Country Report Kenya February 2011

Outlook for 2011-15: External sector

Exports and imports rebounded in 2010 as both external and internal demand recovered, leading to a wider trade deficit. This outweighed an increase in the invisible surplus (driven by growth in tourism, regional services and remittances) and pushed the current-account deficit wider, to an estimated 5.9% of GDP, although the gap will narrow again during the forecast period. Trade activity will continue to quicken in 2011 and imports will outpace exports as faster GDP growth sucks in consumer and capital goods, while prices for key export commodities such as tea will decline.

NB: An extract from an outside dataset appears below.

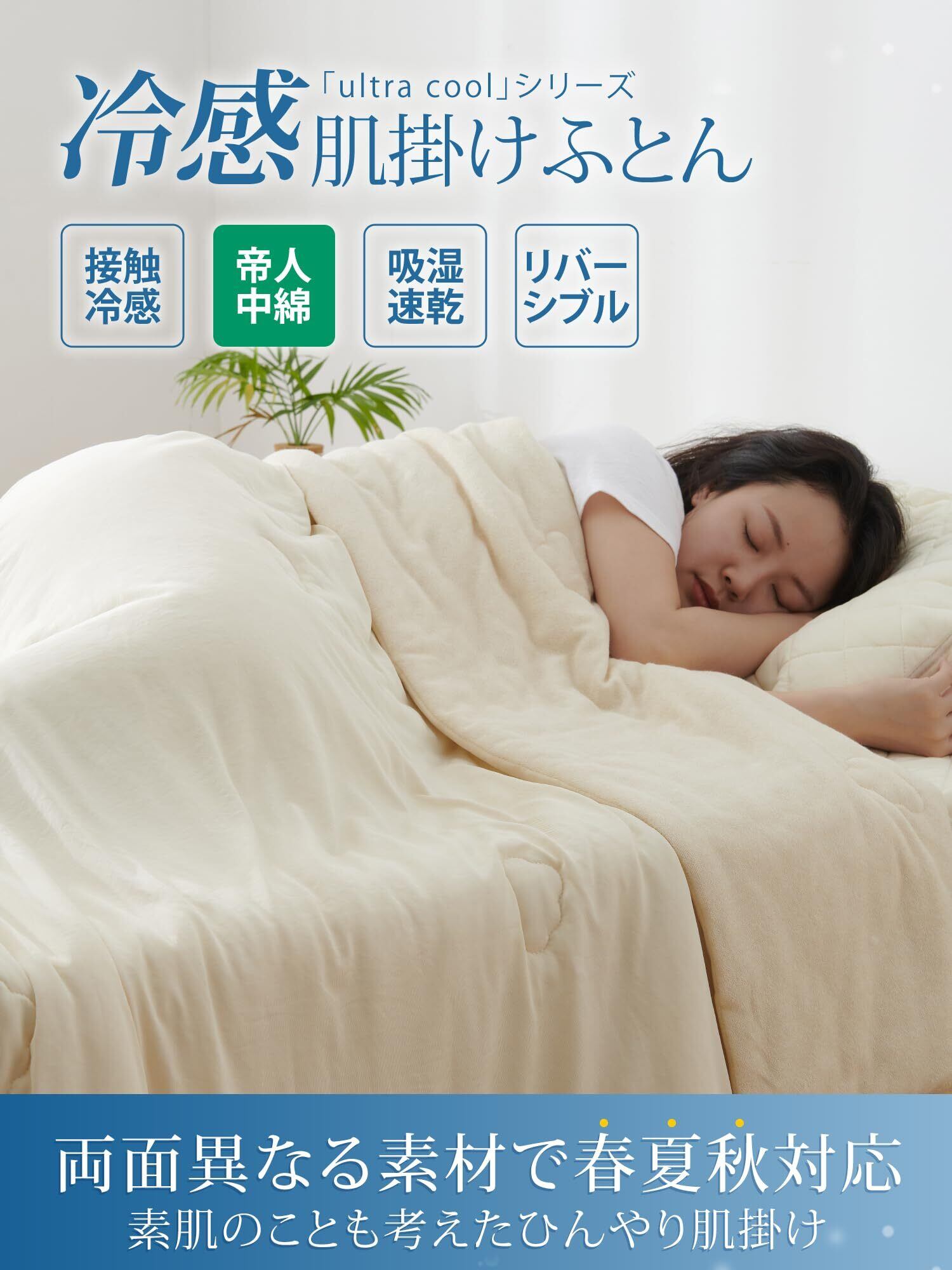 【在庫セール】クモリ(Kumori) 夏用掛け布団 ダブル 肌掛け布団 冷感&タオル地 【リバーシブル・帝人TEIJIN中わた】 掛ふとん キルトケット ひんやり 夏布団 軽量 洗える 冷房対策 夏ふとん 接触冷感 吸湿速乾 洗える かけ布団 180×200cm サンドベージュ

The higher trade deficit will offset a further rise in the invisible surplus, but the current-account deficit will shrink to 5.3% of GDP owing to stronger economic growth. Thereafter, we expect the current-account deficit to continue falling steadily, to 4.6% of GDP in 2012 and 3.4% of GDP in 2013-and to remain within the 2-3% of GDP range in 2014-15, owing to stronger invisible inflows, especially from tourism and regional services. Imports will remain on an upward path, but regional integration and strong Asian demand will boost exports and help to contain the trade deficit. The current-account deficit, although declining towards the end of the period, will leave Kenya dependent on external inflows-either debt or investment-to fill the gap.